Bob Bradshaw

Location:
JAMAICA PLAIN, US
Type:
Artist / Band / Musician
Genre:
Acoustic / Alternative / Americana
Site(s):
Long Way To Go



You Got No Say Round Here



Live at the Berklee Performance Center, Boston, with Annie Lynch, Jordan Alegant, Duncan Wickel, Forrest O'Connor and Dan Gurney



John Hiatt's "Crossing Muddy Waters" at Berklee.



Reviews of Bag Of Knives:

from “Folk and Acoustic Music Exchange” reviewer, Mark S. Tucker: “Whoa, now here's a discovery! This is dyed-in-the-wool folk music and then some. Every song is stripped down to allow the full emotional content through, Bob Bradshaw singing in world-weary wistful tones and playing guitar while Chad Manning rasps a mournful fiddle and twangs his mandolin in an airy threnody of urban pangs and pains. The two go together like hound dog and hobo, neither missing a trick in the human experience while tramping the byways and highways, forever heading towards a forlorn setting sun.

Bradshaw is an attendee of Boston's Berklee School of Music while Manning has recorded and toured with David Grisman but also sat in with the likes of J.D. Crowe and Tony Trischka. Darol Anger has commented very favorably on his plaintive skills, calling him "one of the most expressive" of the new fiddlers. Together, the two lads produce some of the best folkie sounds since the 60s and 70s, understanding the mode marrow deep. You couldn't find a better time machine than Bag of Knives.

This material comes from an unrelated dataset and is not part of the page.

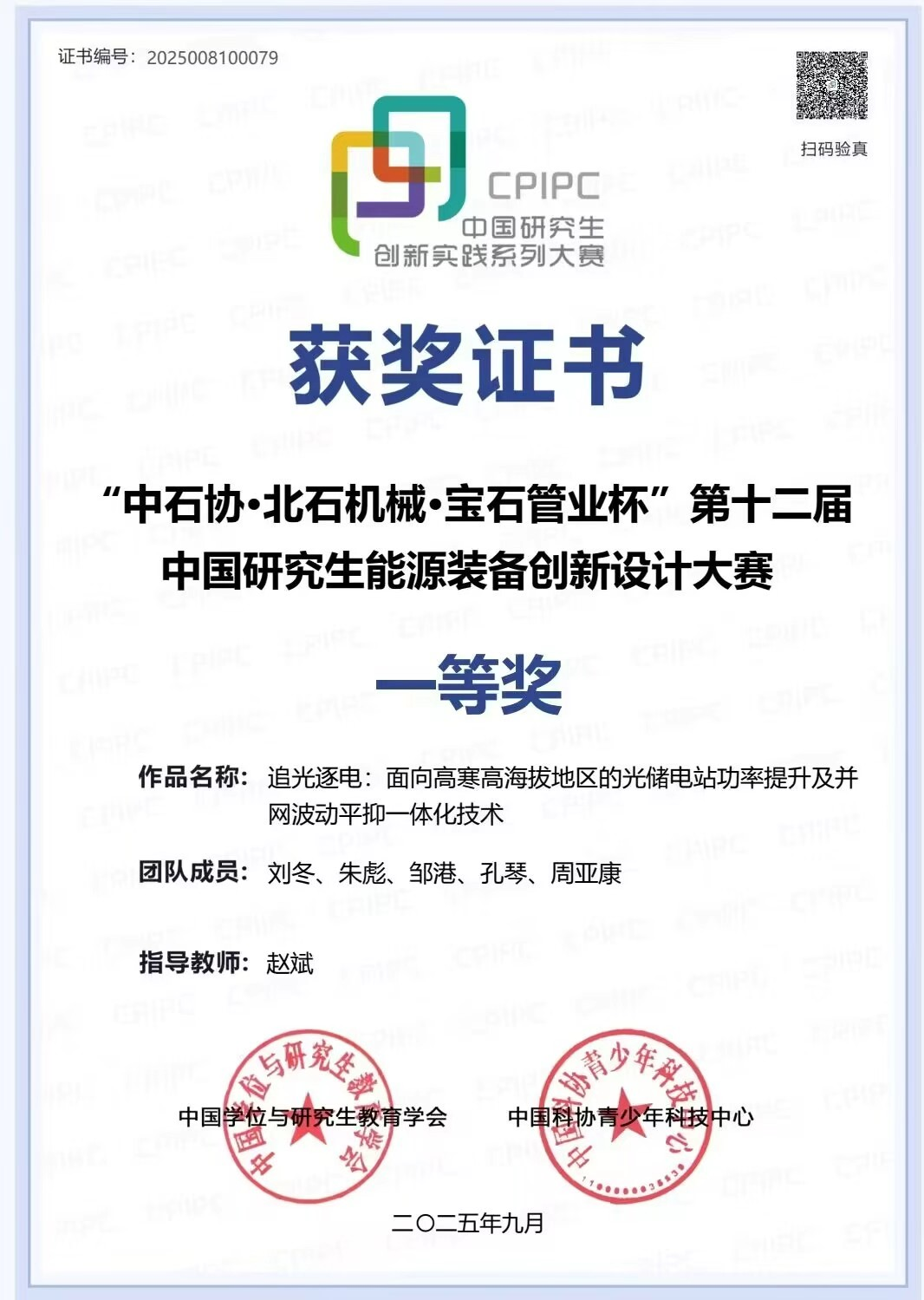 9月18日至21日,第十二届中国研究生能源装备创新设计大赛全国总决赛在昆明理工大学隆重举行。赵斌教授指导的团队凭借作品《追光逐电:面向高寒高海拔地区的光储电站功率提升及并网波动平抑一体化技术》,从全国众多参赛队伍中脱颖而出,斩获全国一等奖!同时赵斌教授也荣获“优秀指导教师”称号。

One of the many great aspects of this disc is the fact that it hangs together like a piece of architecture, every cut supporting its brothers and sisters, a quiet symphony of ghostly and evanescent airs from the old days gently passing through to tomorrow. Cruel Recipe is vaguely Randy Newman-ish, circa Sail Away, but these guys owe nothing to anyone, creating a sound with clear antecedents while thieving nothing, thus reinvigorating—if that's the correct verb for such a laconic collection (save for From the 2-Step to the 12-Step Once Again, a spritely number)—the esteemed mode in the beginning of the 21st century. This is one Bag of Knives that lands softly on the ear.”



Minor 7th.com, David Kleiner: "Throughout, the lyrics are as carefully chosen as every note on this elegant album. (The lack of a lyric insert is unforgivable!) Downtempo tunes dominate and sadness lingers. But there's more than enough beauty and inventiveness to lift the coldest heart. The waltz-able refrain ("Dance with me") of "Desert Waltz" -- the tale of a soldier's deployment and return -- brims with longing effectively mirrored by Manning's playing. "Please" features the wish-I'd-written "snug as a gun" (by way of Seamus Heaney?) and "the shock that shook me speechless." "Another Day in the Life" overlays detail on detail on top of insistent bass and fiddle as it moves toward its inevitable but still devastating conclusion. "From The 2-Step To The 12-Step Once Again," brings welcome humor while proving these guys know their way around a swing tune. This "Bag of Knives" is sharp: lovely, affecting, and original."



Bob's Irish, a graduate of the Berklee College of Music in Boston. His new album 'Bag of Knives', recorded with Chad Manning of the David Grisman Bluegrass Experience, is now available at CD Baby. Formerly singer, songwriter and guitar-player with the San Francisco roots-rockers Resident Aliens, noted by the San Francisco Herald for "their exhilarating music" which "served as the soundtrack for many of our favorite memories of San Francisco," Bob appeared on Ron Kavana's album "Irish Ways" alongside Shane McGowan and Paddy Keenan and others last year.



"A cross between Ray Davies, Randy Newman and Ryan Adams", says Taxi. "Thank God for alliteration", says Bob.